**The data**
--- START ---

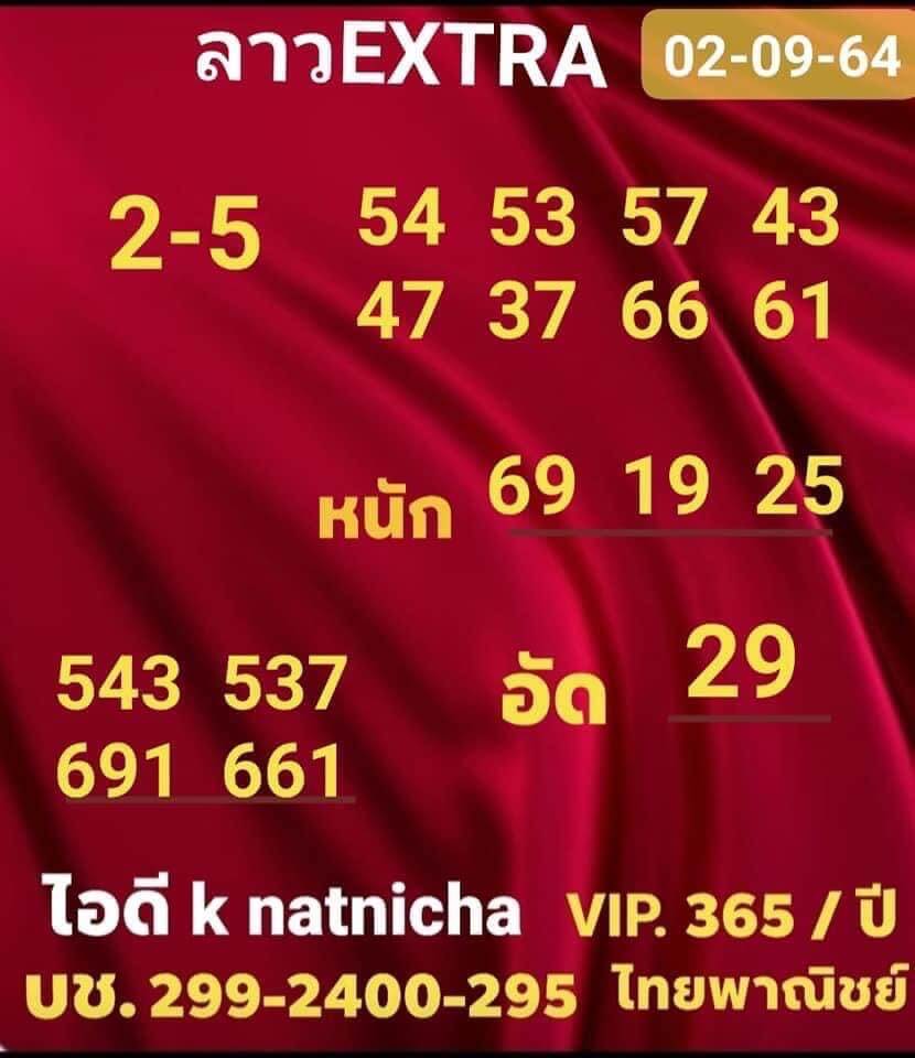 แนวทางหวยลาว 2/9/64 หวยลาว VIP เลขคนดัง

--- END ---
--- START ---

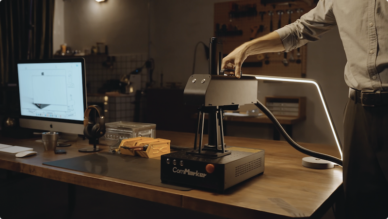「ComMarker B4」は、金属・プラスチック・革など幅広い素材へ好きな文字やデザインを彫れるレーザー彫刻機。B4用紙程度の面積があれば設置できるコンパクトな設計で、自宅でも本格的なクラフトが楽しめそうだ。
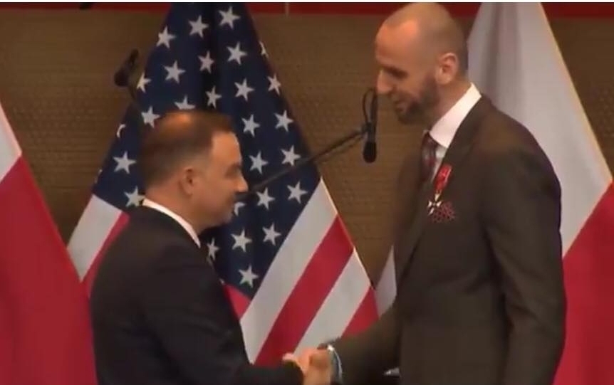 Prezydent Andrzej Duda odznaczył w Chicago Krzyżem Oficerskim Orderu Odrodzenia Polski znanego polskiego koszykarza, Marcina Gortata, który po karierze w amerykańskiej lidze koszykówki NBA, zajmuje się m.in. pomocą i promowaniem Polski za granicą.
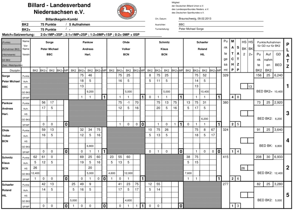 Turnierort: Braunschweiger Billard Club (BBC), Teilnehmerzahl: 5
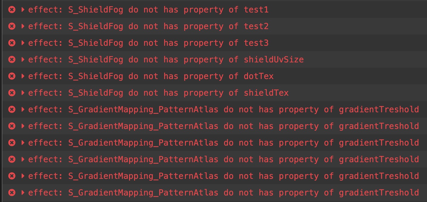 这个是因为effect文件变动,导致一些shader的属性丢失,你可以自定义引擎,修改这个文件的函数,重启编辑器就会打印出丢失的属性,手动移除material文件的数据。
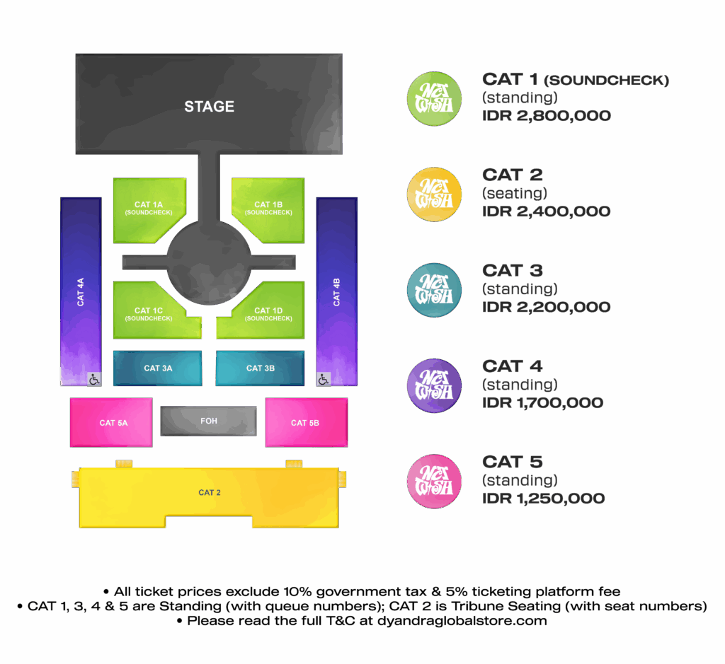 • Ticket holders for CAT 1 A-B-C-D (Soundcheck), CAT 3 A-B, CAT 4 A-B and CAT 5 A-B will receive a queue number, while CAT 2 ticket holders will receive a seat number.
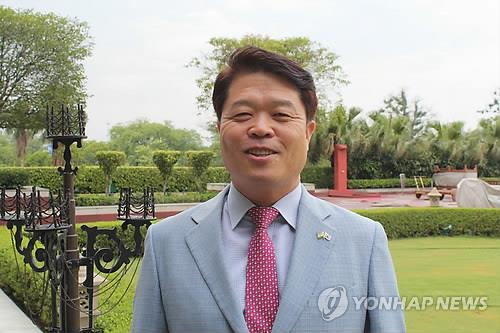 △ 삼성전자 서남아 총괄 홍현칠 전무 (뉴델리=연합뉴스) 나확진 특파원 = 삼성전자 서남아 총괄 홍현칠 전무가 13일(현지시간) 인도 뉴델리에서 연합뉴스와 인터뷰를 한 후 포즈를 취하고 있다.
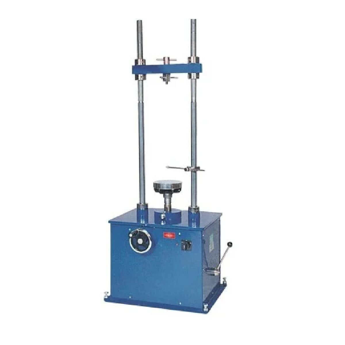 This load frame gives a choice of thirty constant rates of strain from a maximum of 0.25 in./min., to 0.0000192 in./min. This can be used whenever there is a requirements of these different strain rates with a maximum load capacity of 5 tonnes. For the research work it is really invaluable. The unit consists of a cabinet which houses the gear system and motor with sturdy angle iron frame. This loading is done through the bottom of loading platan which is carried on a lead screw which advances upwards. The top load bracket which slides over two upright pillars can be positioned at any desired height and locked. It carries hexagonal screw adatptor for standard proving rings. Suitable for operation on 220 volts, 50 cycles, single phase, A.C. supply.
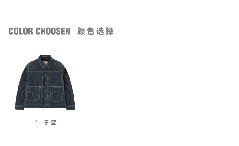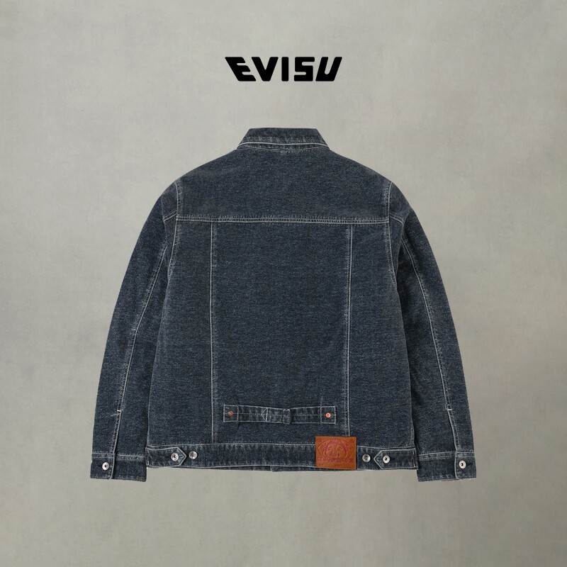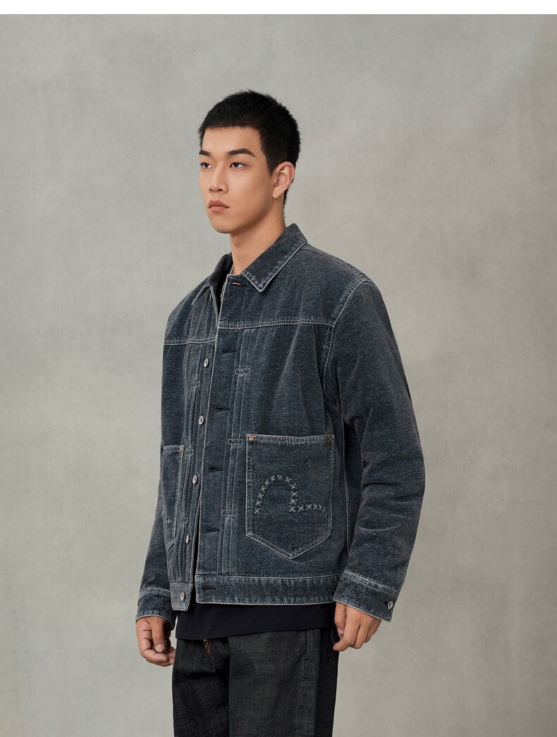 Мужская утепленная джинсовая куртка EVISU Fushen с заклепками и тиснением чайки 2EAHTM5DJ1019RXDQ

--- END ---

**To do**
Return exactly the lines of the material above, starting at the line containing "a seat number." and finishing at the line containing "포즈를 취하고 있다.", without any pictures.

**Result of the exercise**
 • Ticket holders for CAT 1 A-B-C-D (Soundcheck), CAT 3 A-B, CAT 4 A-B and CAT 5 A-B will receive a queue number, while CAT 2 ticket holders will receive a seat number.
 △ 삼성전자 서남아 총괄 홍현칠 전무 (뉴델리=연합뉴스) 나확진 특파원 = 삼성전자 서남아 총괄 홍현칠 전무가 13일(현지시간) 인도 뉴델리에서 연합뉴스와 인터뷰를 한 후 포즈를 취하고 있다.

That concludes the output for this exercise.